SORU ARA
RASTGELE SORU İNCELE
SON SORULAN SORULAR
EN ÇOK OKUNAN SORULAR
SORULAN SORU
Kabir azabı var mıdır? Bazı cami imamları kabir azabı olmadığını söylüyorlar? Bu konu hakkında bilgi verir misiniz?
CEVAP
Kabir azabı var mıdır sorunuza geçmeden önce, Ahir zamanda ehlisünnetin ittifak ettiği birçok konuda bazı zümreler ortaya çıkıp ümmetin inanç sistemini bozmak adına ortaya devamlı olarak fitne tohumu ekmektedirler. Bu kişiler bazen cami imamı, bazen bir ilahiyatçı, bazen bir gazeteci, bazen de herkes tarafından takdir toplayan bir hoca efendi olarak gün yüzüne çıkmaktadırlar. Bu gibi insanların ilk saldırdıkları alan hadis-i şerifler olmuştur. Amaçları insanları Peygamber Efendimiz (sav) Hz.lerinden uzaklaştırıp, Kur’an-ı Kerim, tahrife açık hale getirmeye çalışmaktır. Bir ayet-i kerimeyi Hz. Peygamber’in ve sahabe-i kiramın nasıl anladığı hususundaki hadis-i şerifleri ortadan kaldırırsak, o ayet-i kerimeye istediğimiz manayı verebiliriz, düşüncesindedirler.

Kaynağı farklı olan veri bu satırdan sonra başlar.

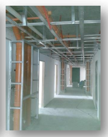
d Storm Drain Line And Water Line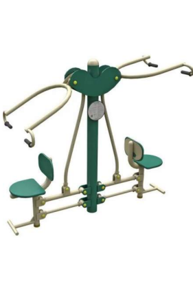
LAT PULL/PRESS GREENFIELDS OUTDOOR FITNESS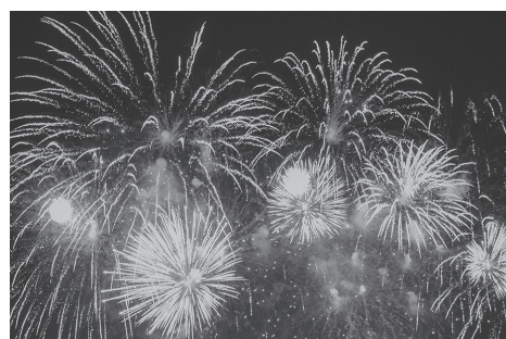
Photo - Webbwood will be the host community for the Canada Day fireworks display this year. The Township of Sables-Spanish Rivers is providing $2,000 towards this year's display.

The fireworks had been cancelled due to the pandemic, but return this year and the host community will be Webbwood.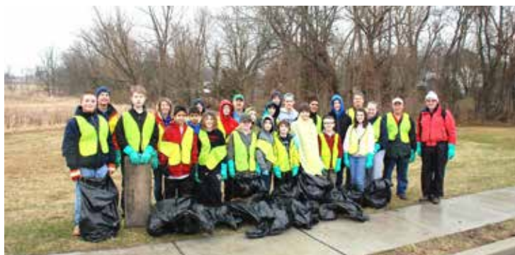
Over 600 volunteers helped clean up road ways and streams during the annual Red Clay Valley Clean up.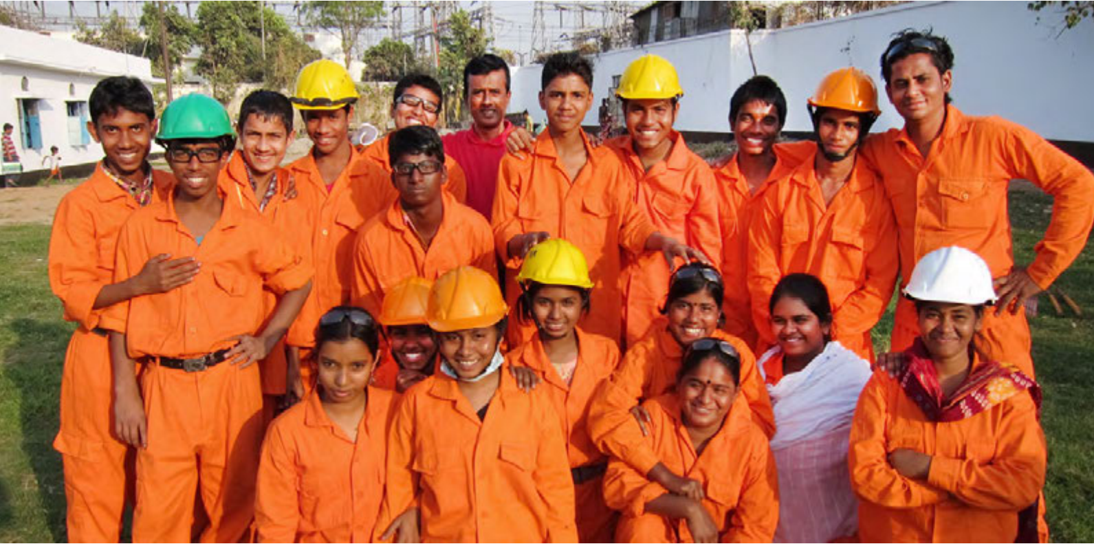
Me and the other Slum Volunteers

For example we can form more children's organizations, initiate a community based approach to disaster risk reduction and advocate for a community based disaster fund.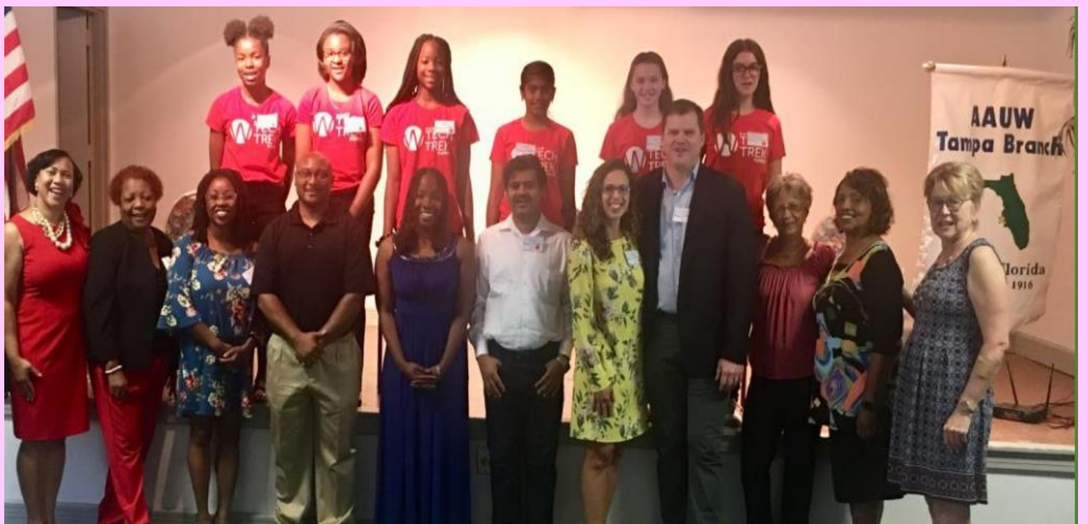
Tech Trek Students, Parents, Interview Team and President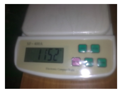
Figure (1): A locally constructed digital biting force measurement device.

A total of 6 patients (2 men, 4 women) with mean age of 65 years old who wore complete maxillary and mandibular dentures. The study was approved by the Ethics Committee of the Faculty of Dentistry. Inclusion criteria were: conventional maxillary and mandibular complete dentures worn for at least 1 year; demonstrating good acceptance of complete denture treatment following a standard period of adaptation and adjustment; not being a denture adhesive user; no known allergy to denture adhesive; no any uncontrolled medical problem, and no any oral condition that might interfere with the research.<sup>(14)</sup> The maximum incisal bite force of the complete dentures was assessed without and with application of the denture adhesive, using a locally constructed digital biting force measurement device which record the incisal bite force in Kg. An electronic kitchen scale (SF–400, China) was modified by an experience technologist. He took the sensor bar outside the electronic scale and join it to a thin metallic foil to be more suitable to use as a sensor biting bar by the patient during study (Figure 1).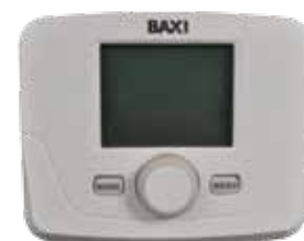
Baxi Remote RC Modulating Controller operates as a room thermostat and enables remote review of boiler information and setting of parameters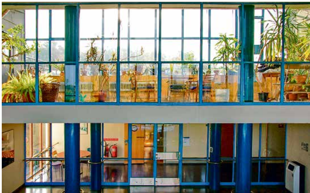
View of the Sveaplan building from the hallway outside the CHES entrance.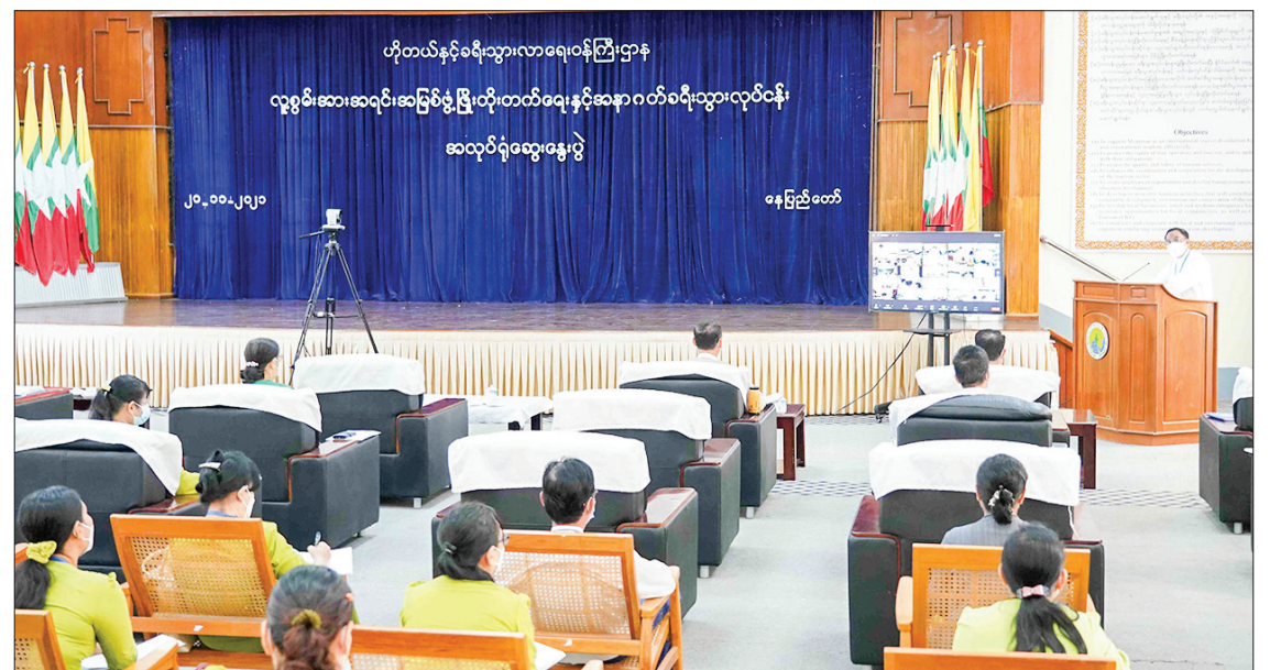
The MoHT workshop on human resources development and future tourism is convened in Nay Pyi Taw on 20 November 2021.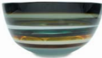
01-08-122M 6" T x 11" W 01-08-122L 6" T x 15" W stone low bowl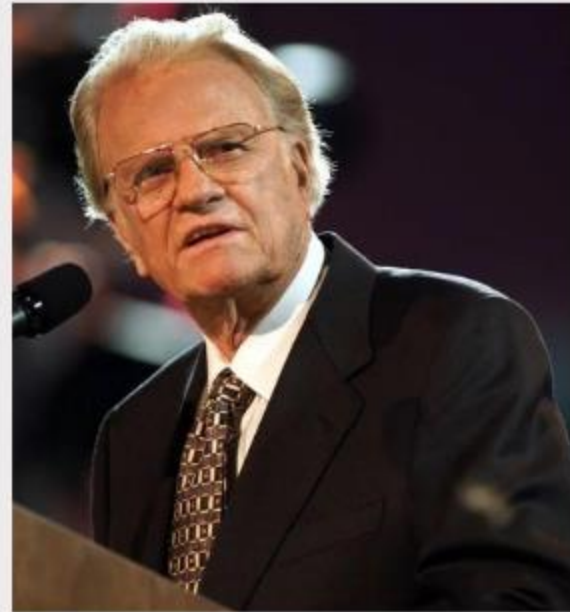
Billy Graham, evangelist; died at 99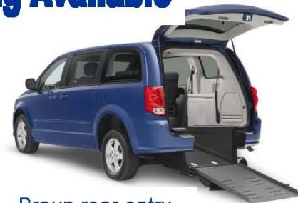
Braun rear entry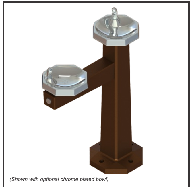
(Shown with optional chrome plated bowl)

All solid brass castings shall conform to ASTM standards B61 and B62. Unit is certified to ANSI A117.1, Public Law 111-380 (NO-LEAD) and NSF/ANSI/CAN 61.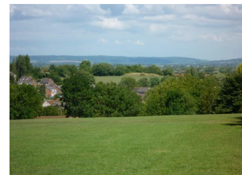
View from Lynch Farm to Castle Batch, 2010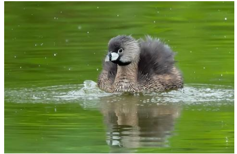
Young Pied-billed Grebe

Sign up to Audubon's Facebook and Instagram pages to enjoy our members' beautiful photography – and send in your own!

Her akşam televizyon kanallarında boy gösteren; sürekli yeni kitapları yayımlanan; üniversitelerde ve hatta belediyelerde bile konferanslar veren ve İslami kabullere aykırı konuşan bu kişiler çıkıp;
Kabir azabı olmadığını, şefaat olmadığını, hadislerin birçoğunu uydurma olduğunu, kadınların örtünmesinin gerekli olmadığını; anlaşılarak girilen ilişkinin zina olmadığını; zekâtın miktarının belli olmadığını, kadın/erkek karışık bir şekilde yaşamanın İslam’a uygun olduğunu, sahabe-i kiramdan günümüze kadar yaşayan neredeyse tüm Müslümanların uydurulmuş bir dine inanan kâfirler veya en azından sapıklar olduğunu gibi daha birçok madde ekleyebileceğimiz sapık fikirlerini ortalığa salmaktadırlar. Bizim Müslüman kardeşimizde bunlara inanıp inanç sisteminde tarifi olmayan hasarla yol açmaktadır.
Hz. Ömer (ra) Efendimiz bu günleri görerek “ Gün gelecek şefaati ve kabir azabını inkar edenler çıkacak” buyurmuştur.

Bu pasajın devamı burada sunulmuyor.